Perception, imagination et réalité

La pensée de l’univers que je connais se situe au cœur de mes perceptions, accessibles à travers mon corps physique. Les relations que j’entretiens avec les autres corps autour de moi, qu’ils soient animés ou inanimés, enrichissent et définissent les connaissances que je possède.

Mon univers personnel, façonné par la dynamique des choses qui m’entourent et constitué par l’ensemble des pensées qui m’habitent, interagit avec un autre univers au travers des sens que me procure mon corps. Cet autre univers, composé de ce qui existe indépendamment de moi, entre en relation constante avec le mien : ils se confrontent, se marient et parfois même s’expulsent l’un l’autre, probablement plus souvent que je ne m’en rends compte.

Ainsi, mon univers personnel dépend de l’acuité de mes sens, eux-mêmes déterminés par la nature de mon corps : un corps spirituel perçoit des réalités spirituelles, un corps céleste des réalités célestes, et un corps terrestre des réalités terrestres.
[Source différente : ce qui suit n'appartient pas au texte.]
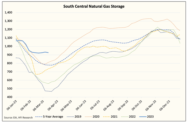 This is the most bearish chart for natural gas today. South Central gas storage remains bloated. And as we exit the heating demand season, this chart won't look any better. We are going to see storage injections in 2 EIA reports, so the surplus will worsen.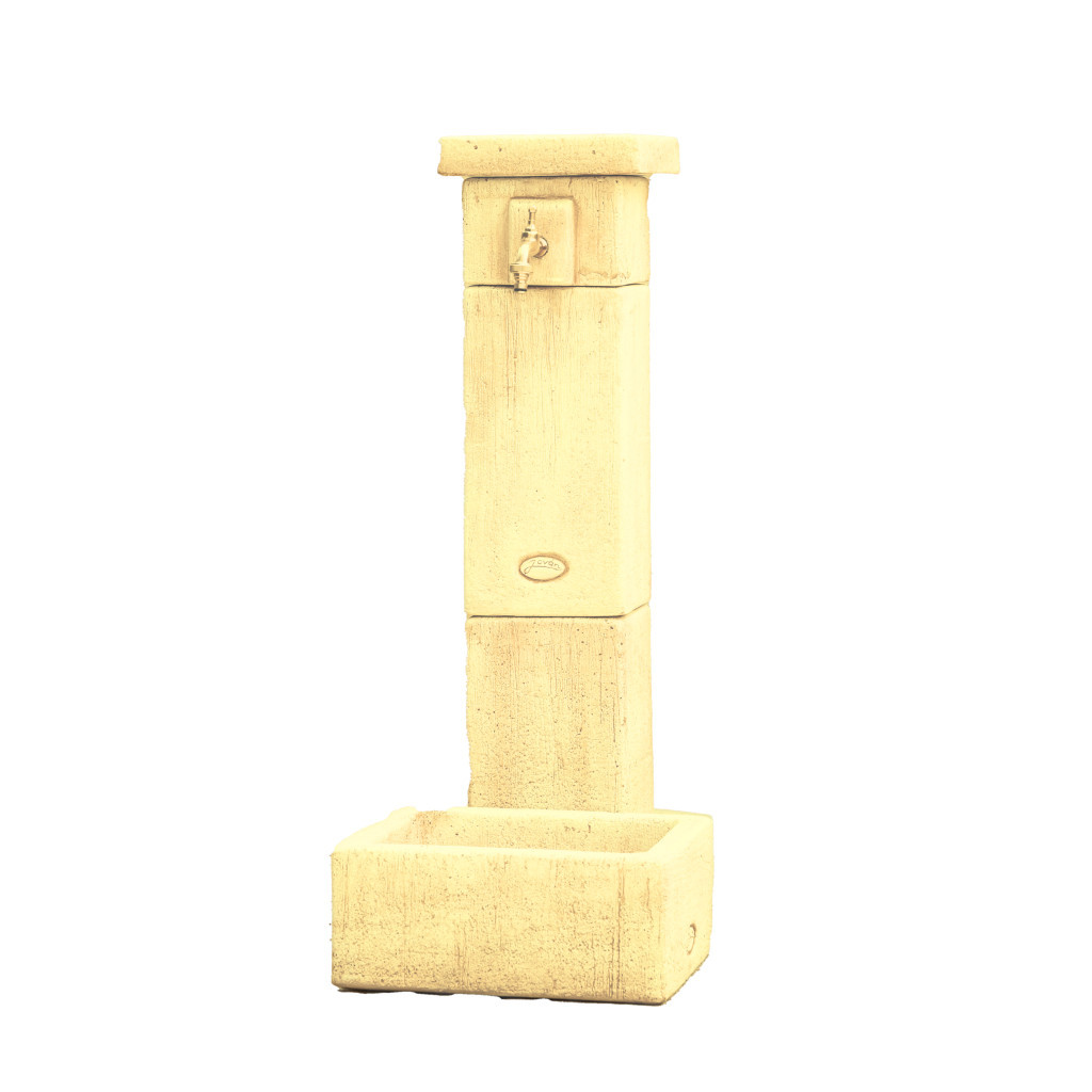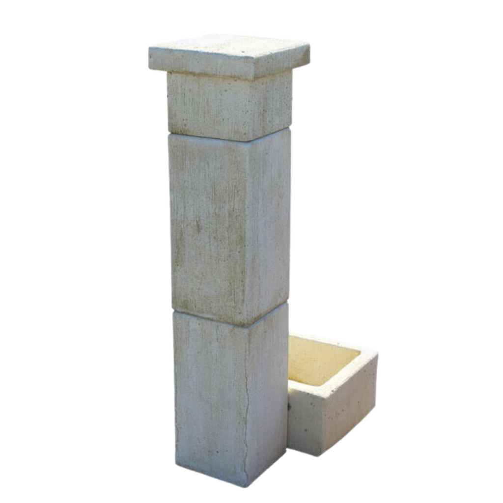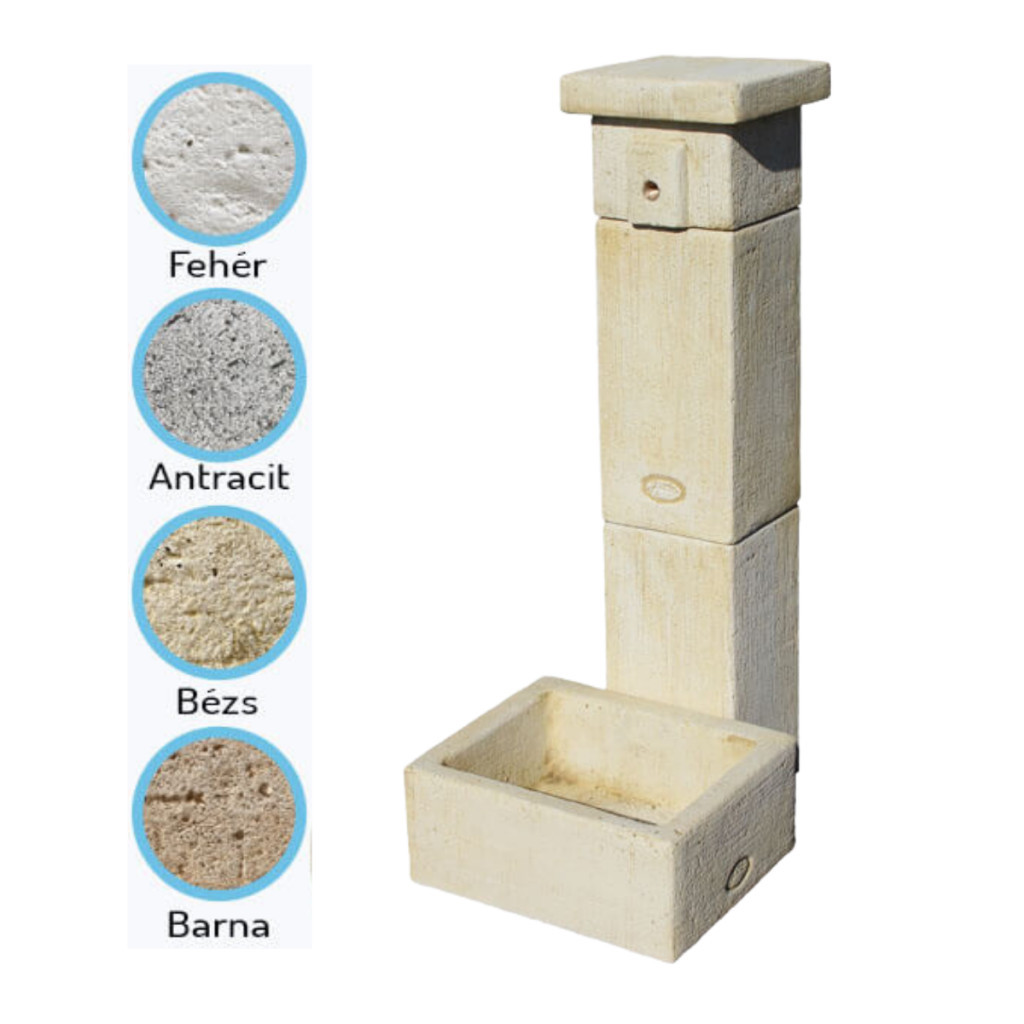 Kő hatású szögletes oszlopos kerti kút kifolyó tálcával.

Mon corps, étant l’hôte de mes pensées, en délimite nécessairement les contours.

Malgré ces limitations, l’imagination me pousse à dépasser ces frontières : en créant des pensées qui interagissent entre elles, elle peut générer de nouvelles réalités avec lesquelles le corps peut interagir ; mais probablement toujours dans un univers restreint par l’expérience corporelle accessible par nature.

De fait, l’univers que je connais, limité par la nature de mon corps, les contraintes de mes sens, et l’imagination conditionnée par ma propre expérience, n’a rien à voir avec l’univers tel qu’il est réellement. Peut-on percevoir la réalité dans son entièreté ? J’en doute.

Il existe également un troisième univers, perçu et partagé sous différentes formes par une communauté évoluant dans un espace commun. Bien qu’il n’existe pas concrètement, il est bien réel dans une culture, une sorte de pouponnière d’un imaginaire collectif. Ce troisième univers, extrêmement complexe, se déforme et se reforme continuellement en fonction des interactions d’un groupe et des choses entre elles, chaque individu y contribuant par son point de vue personnel. Bien que malléable, il est perçu comme fixe et réel dans le moment présent, dictant les lois auxquelles nos pensées tentent de se conformer.

Ce troisième univers commun, incohérent par nature, car construit d’un amalgame de perceptions interdépendantes, nourri par l’interaction des êtres avec l’univers réel, constitue un tissage hétérogène de croyances et de pensées plus ou moins conscientes. C’est dans ce troisième univers que je forme toutes mes connaissances. Pour enrichir mes propres connaissances et mieux comprendre ce qui m’entoure, j’ai besoin des perceptions d’autrui.

Au-delà des limites imposées par notre corps et nos sens, la quête de la vérité ultime semble insaisissable, échappant à notre compréhension limitée. Pourtant, c’est précisément cette quête, nourrie par l’interaction avec les autres et les mondes que nous percevons, qui enrichit notre existence et donne un sens à notre univers personnel. Bien que l’essence véritable de la réalité réside dans une totalité inaccessible, elle se révèle dans la richesse des perceptions et des échanges qui nous unissent.